The reply should repeat all of the data word for word, with no pictures.

# THE DATA
+++
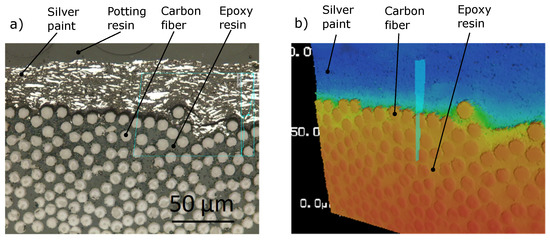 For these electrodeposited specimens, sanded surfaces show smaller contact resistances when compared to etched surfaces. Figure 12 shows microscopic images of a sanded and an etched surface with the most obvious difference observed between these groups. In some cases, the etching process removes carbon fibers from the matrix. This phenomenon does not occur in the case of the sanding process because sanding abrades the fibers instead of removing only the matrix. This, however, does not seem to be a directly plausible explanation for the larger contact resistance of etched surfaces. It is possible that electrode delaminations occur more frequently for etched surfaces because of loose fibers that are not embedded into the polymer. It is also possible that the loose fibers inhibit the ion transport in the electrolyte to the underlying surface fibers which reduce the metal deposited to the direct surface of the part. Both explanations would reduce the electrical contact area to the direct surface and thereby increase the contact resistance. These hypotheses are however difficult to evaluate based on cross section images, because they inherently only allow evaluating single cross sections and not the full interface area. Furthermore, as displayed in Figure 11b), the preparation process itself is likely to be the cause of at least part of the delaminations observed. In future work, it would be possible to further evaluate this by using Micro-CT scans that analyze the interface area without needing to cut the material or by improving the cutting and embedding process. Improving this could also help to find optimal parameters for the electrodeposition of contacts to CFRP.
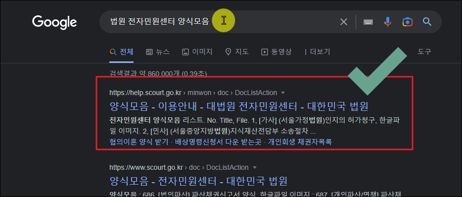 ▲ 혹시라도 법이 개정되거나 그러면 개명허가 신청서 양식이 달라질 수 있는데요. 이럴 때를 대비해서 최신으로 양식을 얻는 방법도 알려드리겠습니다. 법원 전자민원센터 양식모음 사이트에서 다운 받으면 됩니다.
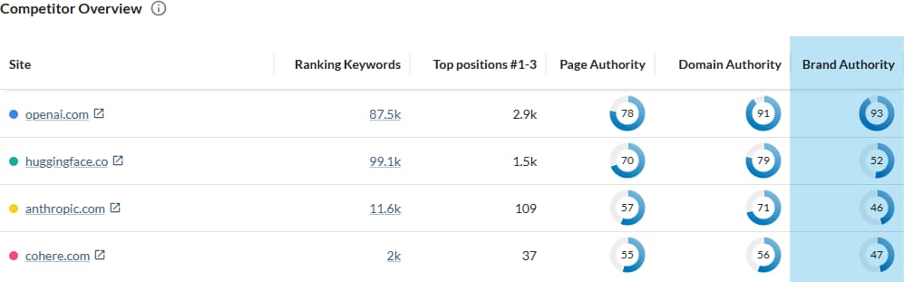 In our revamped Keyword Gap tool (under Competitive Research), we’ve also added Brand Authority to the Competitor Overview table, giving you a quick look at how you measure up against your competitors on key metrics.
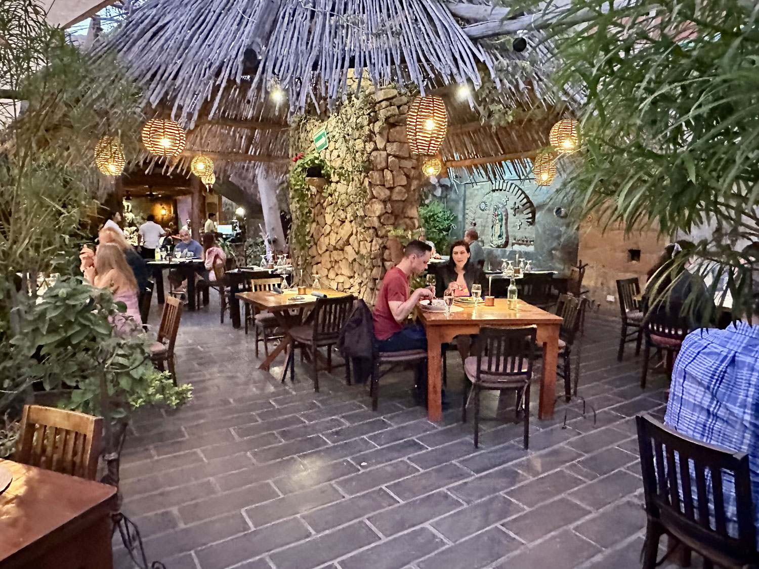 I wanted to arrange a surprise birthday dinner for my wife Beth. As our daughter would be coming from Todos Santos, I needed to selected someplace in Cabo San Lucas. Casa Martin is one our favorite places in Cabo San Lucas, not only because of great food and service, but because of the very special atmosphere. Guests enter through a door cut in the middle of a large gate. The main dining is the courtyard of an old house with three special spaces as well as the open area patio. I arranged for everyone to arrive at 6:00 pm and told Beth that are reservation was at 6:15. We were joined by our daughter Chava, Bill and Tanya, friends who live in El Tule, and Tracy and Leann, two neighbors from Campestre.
+++
# RESPONSE TO THE EXERCISE
 For these electrodeposited specimens, sanded surfaces show smaller contact resistances when compared to etched surfaces. Figure 12 shows microscopic images of a sanded and an etched surface with the most obvious difference observed between these groups. In some cases, the etching process removes carbon fibers from the matrix. This phenomenon does not occur in the case of the sanding process because sanding abrades the fibers instead of removing only the matrix. This, however, does not seem to be a directly plausible explanation for the larger contact resistance of etched surfaces. It is possible that electrode delaminations occur more frequently for etched surfaces because of loose fibers that are not embedded into the polymer. It is also possible that the loose fibers inhibit the ion transport in the electrolyte to the underlying surface fibers which reduce the metal deposited to the direct surface of the part. Both explanations would reduce the electrical contact area to the direct surface and thereby increase the contact resistance. These hypotheses are however difficult to evaluate based on cross section images, because they inherently only allow evaluating single cross sections and not the full interface area. Furthermore, as displayed in Figure 11b), the preparation process itself is likely to be the cause of at least part of the delaminations observed. In future work, it would be possible to further evaluate this by using Micro-CT scans that analyze the interface area without needing to cut the material or by improving the cutting and embedding process. Improving this could also help to find optimal parameters for the electrodeposition of contacts to CFRP.
 ▲ 혹시라도 법이 개정되거나 그러면 개명허가 신청서 양식이 달라질 수 있는데요. 이럴 때를 대비해서 최신으로 양식을 얻는 방법도 알려드리겠습니다. 법원 전자민원센터 양식모음 사이트에서 다운 받으면 됩니다.
 In our revamped Keyword Gap tool (under Competitive Research), we’ve also added Brand Authority to the Competitor Overview table, giving you a quick look at how you measure up against your competitors on key metrics.
 I wanted to arrange a surprise birthday dinner for my wife Beth. As our daughter would be coming from Todos Santos, I needed to selected someplace in Cabo San Lucas. Casa Martin is one our favorite places in Cabo San Lucas, not only because of great food and service, but because of the very special atmosphere. Guests enter through a door cut in the middle of a large gate. The main dining is the courtyard of an old house with three special spaces as well as the open area patio. I arranged for everyone to arrive at 6:00 pm and told Beth that are reservation was at 6:15. We were joined by our daughter Chava, Bill and Tanya, friends who live in El Tule, and Tracy and Leann, two neighbors from Campestre.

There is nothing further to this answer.